Via Private Cloud Deployment

Pre-built packages for private deployment of Jina Reranker v2 AWS and Azure accounts can be soon found on our seller pages on AWS Marketplace and Azure Marketplace, respectively.

💡

For a tailor-made solution for your use case, based on Jina AI’s Search Foundation, get in touch with us via our contact page.

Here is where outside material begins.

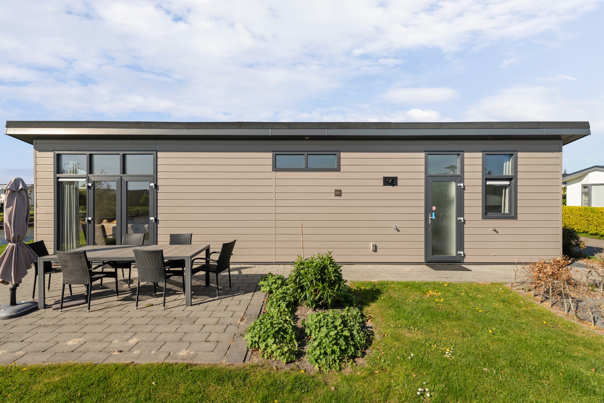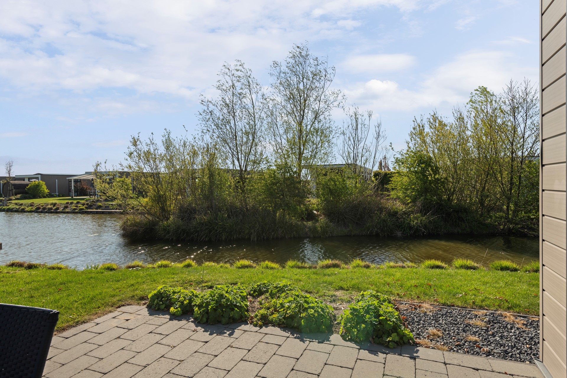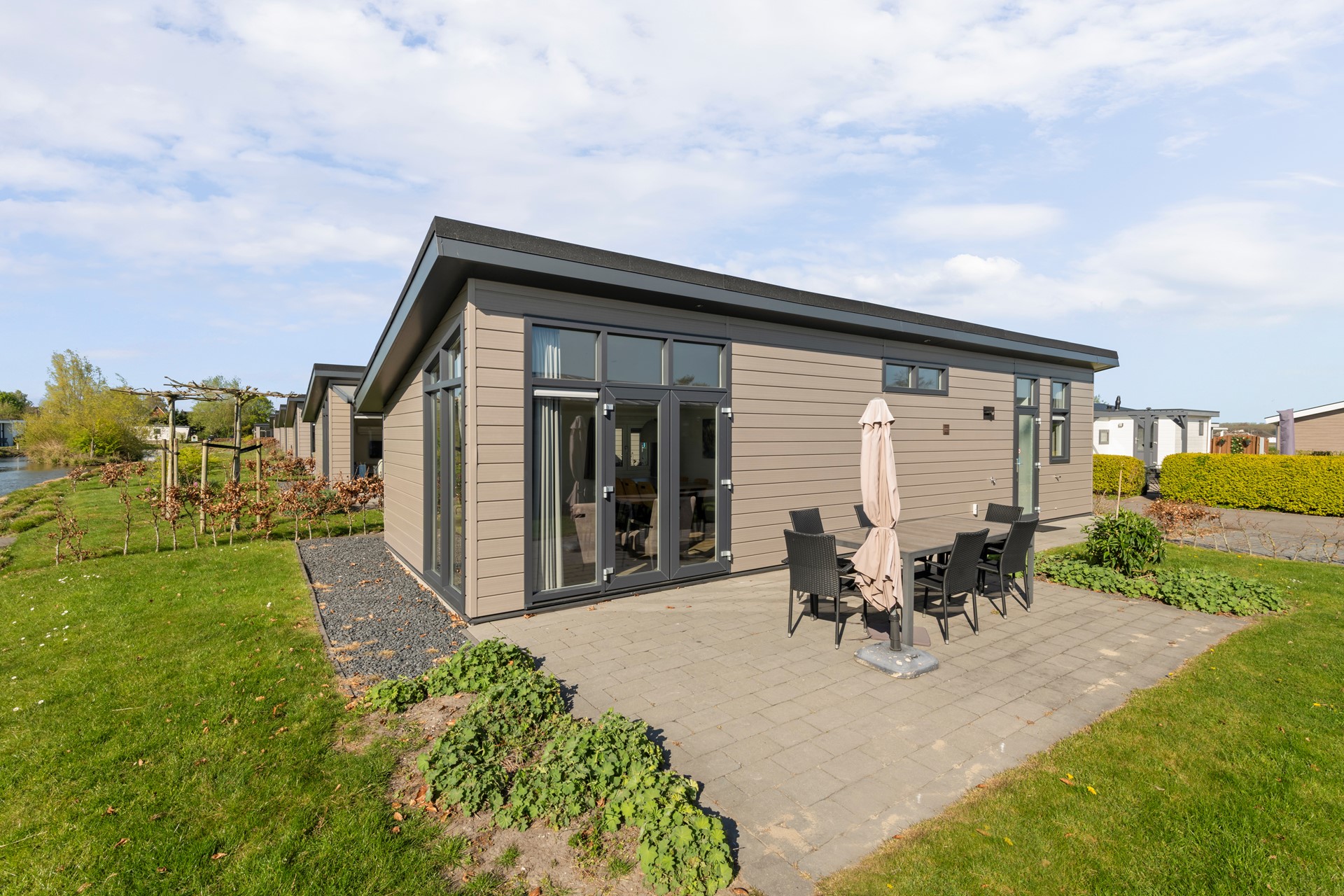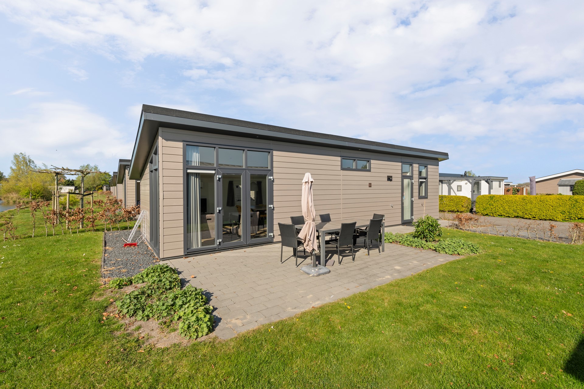 Het perceel is onderhoudsarm aangelegd en voorzien van een heerlijk terras met ruimte voor een comfortabele tuinset, waar u optimaal kunt genieten van het buitenleven. De tuin is daarnaast uitgerust met een zonnescherm en een sproei-installatie, wat zorgt voor extra comfort en gemak in het onderhoud. De woning is prachtig gelegen aan een waterpartij, wat zorgt voor een echt vakantiegevoel en een rustige, ontspannen sfeer. Daarnaast beschikt de woning over een eigen parkeerplaats direct bij de woning.

Key Takeaways of Jina Reranker v2

Jina Reranker v2 represents an important expansion of capabilities for search foundation:

State-of-the-art retrieval using cross-encoding opens up a wide array of new application areas.
Enhanced multilingual and cross-language functionality removes language barriers from your use cases.
Best-in-class support for function calling, together with awareness of structured data querying, takes your agentic RAG capabilities to the next level of precision.
Better retrieval of computer code and computer-formatted data can go far beyond just doing text information retrieval.
Much faster document throughput ensures that, irrespective of the retrieval method, you can now rerank many more retrieved documents faster, and offload most of the fine-grained relevance calculation to jina-reranker-v2-base-multilingual.

RAG systems are much more precise with Reranker v2, helping your existing information management solutions produce more and better actionable results. Cross-language support makes all this directly available to multi-national and multilingual enterprises, with an easy-to-use API at an affordable price.

By testing it with benchmarks derived from real use cases, you can see for yourself how Jina Reranker v2 maintains state-of-the art performance at tasks relevant to real business models, all in one AI model, keeping your costs down and your tech stack simpler.